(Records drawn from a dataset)
"""

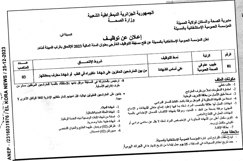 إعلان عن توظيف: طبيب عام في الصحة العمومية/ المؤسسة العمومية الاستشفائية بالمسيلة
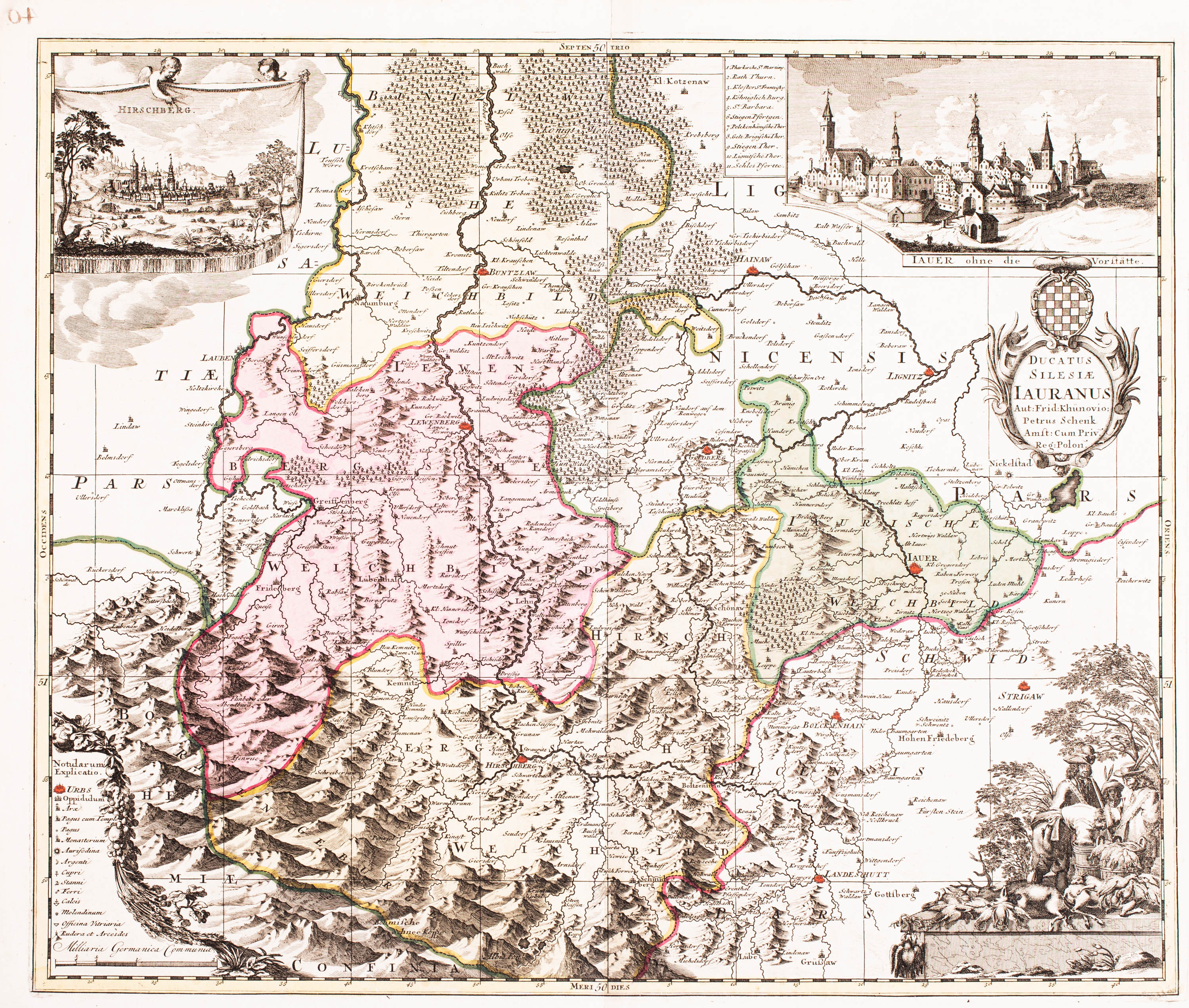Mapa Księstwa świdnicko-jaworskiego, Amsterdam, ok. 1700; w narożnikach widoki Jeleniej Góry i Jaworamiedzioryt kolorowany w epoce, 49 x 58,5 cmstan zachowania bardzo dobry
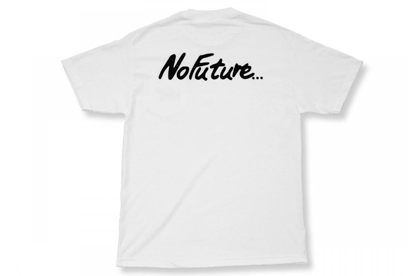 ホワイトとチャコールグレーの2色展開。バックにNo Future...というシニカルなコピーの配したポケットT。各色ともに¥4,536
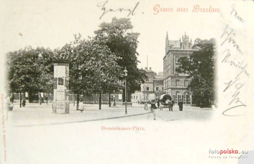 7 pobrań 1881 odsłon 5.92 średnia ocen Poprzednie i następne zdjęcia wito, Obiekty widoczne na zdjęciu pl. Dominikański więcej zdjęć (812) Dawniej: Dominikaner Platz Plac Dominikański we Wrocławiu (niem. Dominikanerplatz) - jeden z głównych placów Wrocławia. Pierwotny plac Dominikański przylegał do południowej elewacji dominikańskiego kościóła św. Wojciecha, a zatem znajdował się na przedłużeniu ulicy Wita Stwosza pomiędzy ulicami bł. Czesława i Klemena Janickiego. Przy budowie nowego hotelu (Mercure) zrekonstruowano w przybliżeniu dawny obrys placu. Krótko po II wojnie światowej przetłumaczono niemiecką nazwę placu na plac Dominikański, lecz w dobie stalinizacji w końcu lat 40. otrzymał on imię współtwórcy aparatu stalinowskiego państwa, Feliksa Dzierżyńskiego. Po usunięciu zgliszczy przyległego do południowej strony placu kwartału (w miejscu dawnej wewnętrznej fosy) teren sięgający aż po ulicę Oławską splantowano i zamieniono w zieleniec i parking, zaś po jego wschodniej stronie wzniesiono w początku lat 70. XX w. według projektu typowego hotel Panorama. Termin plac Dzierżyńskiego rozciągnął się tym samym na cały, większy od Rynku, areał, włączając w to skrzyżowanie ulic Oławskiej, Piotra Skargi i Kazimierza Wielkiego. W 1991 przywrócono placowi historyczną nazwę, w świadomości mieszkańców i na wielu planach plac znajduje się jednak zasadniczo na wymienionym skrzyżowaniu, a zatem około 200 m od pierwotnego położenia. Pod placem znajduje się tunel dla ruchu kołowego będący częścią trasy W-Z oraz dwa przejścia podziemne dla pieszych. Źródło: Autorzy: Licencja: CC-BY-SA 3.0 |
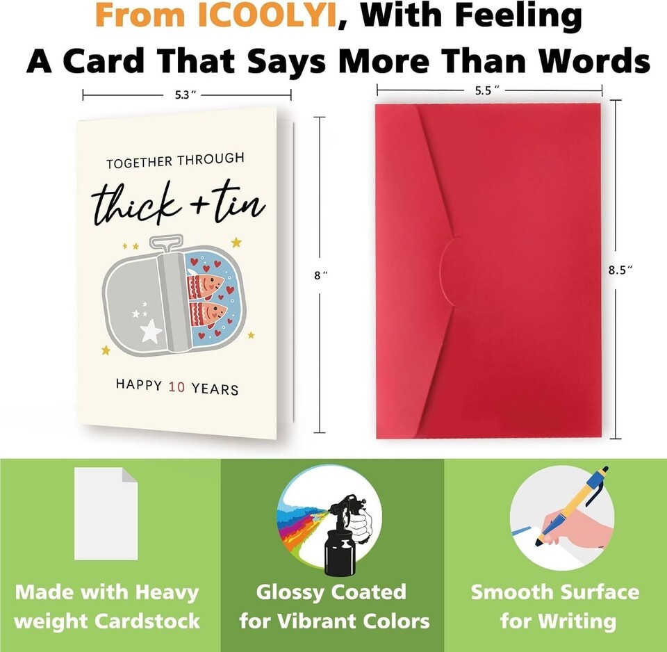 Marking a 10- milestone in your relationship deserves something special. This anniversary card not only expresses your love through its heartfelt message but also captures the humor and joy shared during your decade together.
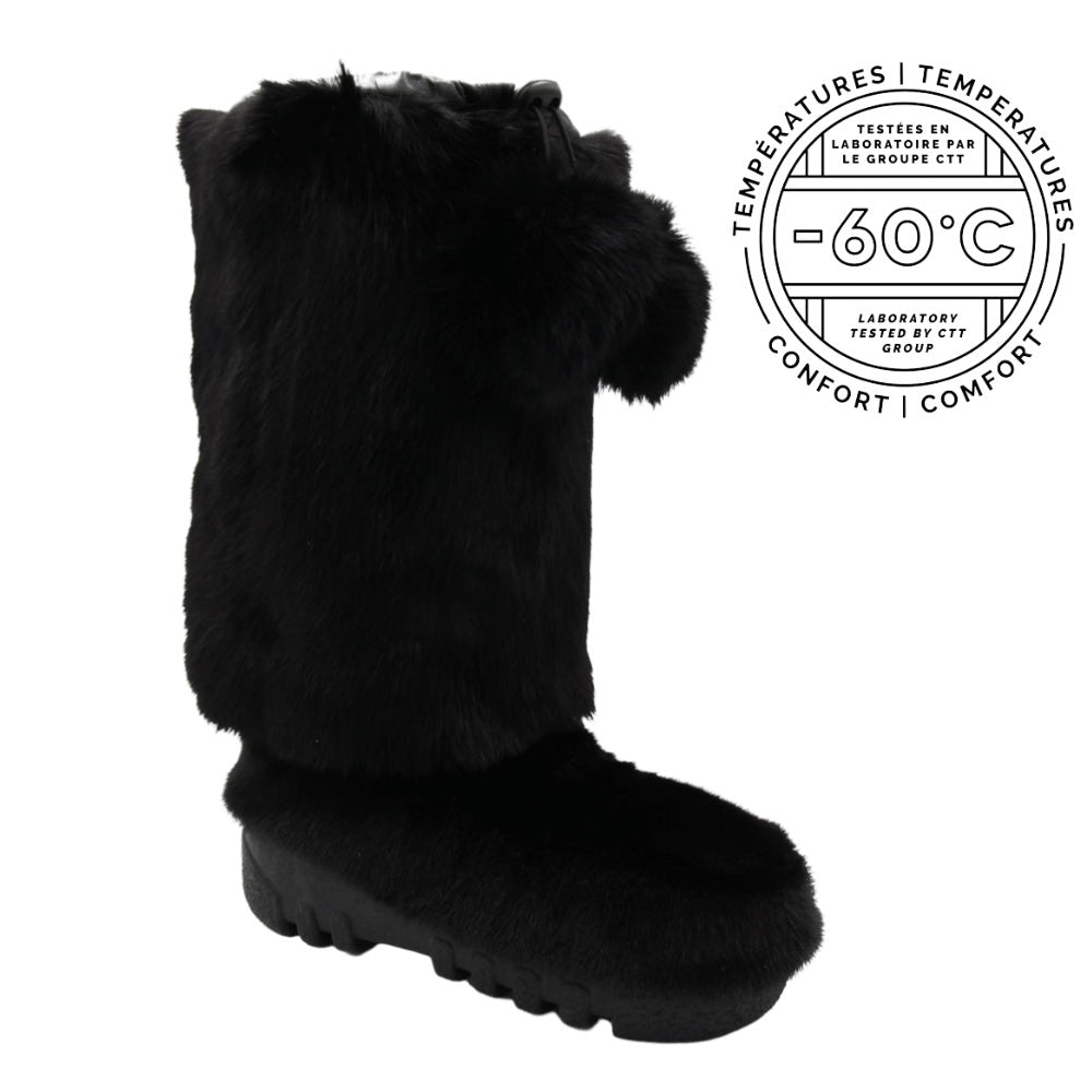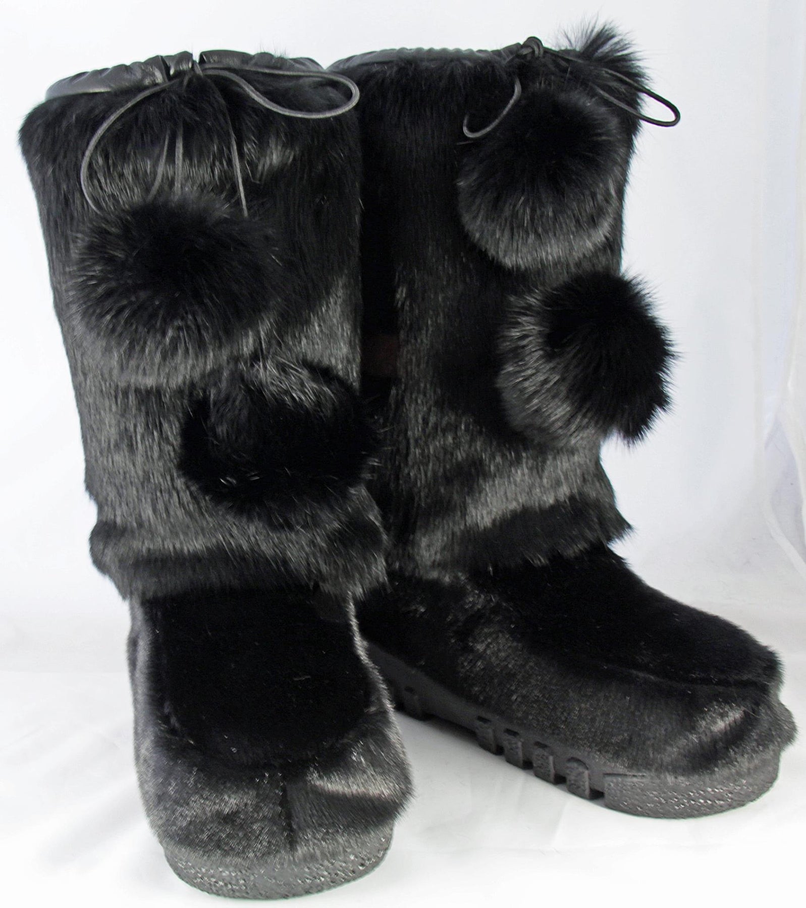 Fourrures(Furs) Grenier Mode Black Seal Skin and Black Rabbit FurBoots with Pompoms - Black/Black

"""

§ **Task to carry out**
Transcribe the entries above verbatim, excluding any image.

§ **Solved exercise**
 إعلان عن توظيف: طبيب عام في الصحة العمومية/ المؤسسة العمومية الاستشفائية بالمسيلة
Mapa Księstwa świdnicko-jaworskiego, Amsterdam, ok. 1700; w narożnikach widoki Jeleniej Góry i Jaworamiedzioryt kolorowany w epoce, 49 x 58,5 cmstan zachowania bardzo dobry
 ホワイトとチャコールグレーの2色展開。バックにNo Future...というシニカルなコピーの配したポケットT。各色ともに¥4,536
 7 pobrań 1881 odsłon 5.92 średnia ocen Poprzednie i następne zdjęcia wito, Obiekty widoczne na zdjęciu pl. Dominikański więcej zdjęć (812) Dawniej: Dominikaner Platz Plac Dominikański we Wrocławiu (niem. Dominikanerplatz) - jeden z głównych placów Wrocławia. Pierwotny plac Dominikański przylegał do południowej elewacji dominikańskiego kościóła św. Wojciecha, a zatem znajdował się na przedłużeniu ulicy Wita Stwosza pomiędzy ulicami bł. Czesława i Klemena Janickiego. Przy budowie nowego hotelu (Mercure) zrekonstruowano w przybliżeniu dawny obrys placu. Krótko po II wojnie światowej przetłumaczono niemiecką nazwę placu na plac Dominikański, lecz w dobie stalinizacji w końcu lat 40. otrzymał on imię współtwórcy aparatu stalinowskiego państwa, Feliksa Dzierżyńskiego. Po usunięciu zgliszczy przyległego do południowej strony placu kwartału (w miejscu dawnej wewnętrznej fosy) teren sięgający aż po ulicę Oławską splantowano i zamieniono w zieleniec i parking, zaś po jego wschodniej stronie wzniesiono w początku lat 70. XX w. według projektu typowego hotel Panorama. Termin plac Dzierżyńskiego rozciągnął się tym samym na cały, większy od Rynku, areał, włączając w to skrzyżowanie ulic Oławskiej, Piotra Skargi i Kazimierza Wielkiego. W 1991 przywrócono placowi historyczną nazwę, w świadomości mieszkańców i na wielu planach plac znajduje się jednak zasadniczo na wymienionym skrzyżowaniu, a zatem około 200 m od pierwotnego położenia. Pod placem znajduje się tunel dla ruchu kołowego będący częścią trasy W-Z oraz dwa przejścia podziemne dla pieszych. Źródło: Autorzy: Licencja: CC-BY-SA 3.0 |
 Marking a 10- milestone in your relationship deserves something special. This anniversary card not only expresses your love through its heartfelt message but also captures the humor and joy shared during your decade together.
 Fourrures(Furs) Grenier Mode Black Seal Skin and Black Rabbit FurBoots with Pompoms - Black/Black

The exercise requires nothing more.